Ртищев поглядел на небо и решив, что уходить еще рано, побрел от нечего делать в огород.

Девушки побросали работу и бухнулись ему в ноги.

— Единому Господу поклоняйтеся, — назидательно пискнул постельничий.

Он приготовился произнести свою обычную речь, в которой проповедывал «братство всех людей во Христе», но, услышав благовест, круто повернулся, раздал узенькое лицо в блаженную улыбку и, сорвав с головы шапку, перекрестился.

— Во имя Отца и Сына и Святого Духа.

— Аминь! — хором закончили девушки и снова поклонились господарю.

Федор отправился в церковь.
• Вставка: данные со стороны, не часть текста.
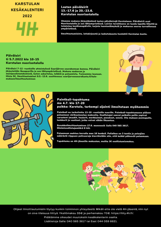 Karstulassa 4H on mukana kahdella kunnan järjestämällä lastenleirillä. Lisäksi tiedossa on yksi päivän mittainen päiväleiri yhteistyössä seurakunnan kanssa. Nuorille suunnattu Paintball-tapahtuma on loistava mahdollisuus päästä kokeilemaan värikuulasotaa omalla paikkakunnalla! Tapahtuman tarkempi sijainti ilmiotetaan myöhemmin.

Устроившись на клиросе, он безмолвно воззрился на образа. Однако молитвенное настроение не приходило. Взор то и дело обращался к окну, а в мыслях против воли стояло все одно и то же: продаст или не продаст?

* * *

Кое-как отстояв обедню, постельничий чуть ли не бегом пустился в сторону Знаменского переулка, к усадьбе дворянина Буйносова.

Буйносов увидел раннего гостя через окно и, в знак почтения, вышел к нему навстречу.

— Дай Бог здравия гостю желанному.

Пригнувшись, он обнял постельничего и троекратно облобызался с ним.

В тереме Федор долго крестился на образа, потом еще раз поклонился хозяину и, захватив в кулак маленький, утыканный реденькою щетинкою подбородок, присел к столу.

Со двора заунывною жалобою доносилась чуть слышная песня.

Лебедь белую во чужой сторонушке захоронили,
Со лебедь белою друга милого да разлучили,
Да, эх, кручинушка, да долюшка сиротская!
Знать, тобою, долюшка, нам дадено
Вековать ли с горюшком век-вечные,
Во слезах зарю встречаючи,
Да в горючих зорьку провожаючи…

— Добро девки поют, — мечтательно закатил глаза, постельничий.

Буйносов чванно выставил живот.

— А краше всех, гостюшко, поет полонная женка Янина.

Федор смущенно поглядел на пальцы свои и отошел к окну.

— Эко, траву нынешним летом, как прорвало!

Буйносов торопливо перекрестился и сплюнул через плечо.

— Дурное око ворону на потребу, доброе же слово хозяину на корысть, — трижды проговорил он скороговоркой и потом уже спокойно прибавил: — Травы, доподлинно… могутные ныне травы, благодарение Господу.

Помолчав немного, Ртищев снова присел рядом с хозяином.

— Ежегодно радуются люди траве зеленой, — улыбнулся он печальной улыбкой, — а того в толк не возьмут, что оком не мигнешь, как травушке той и кончина века пришла.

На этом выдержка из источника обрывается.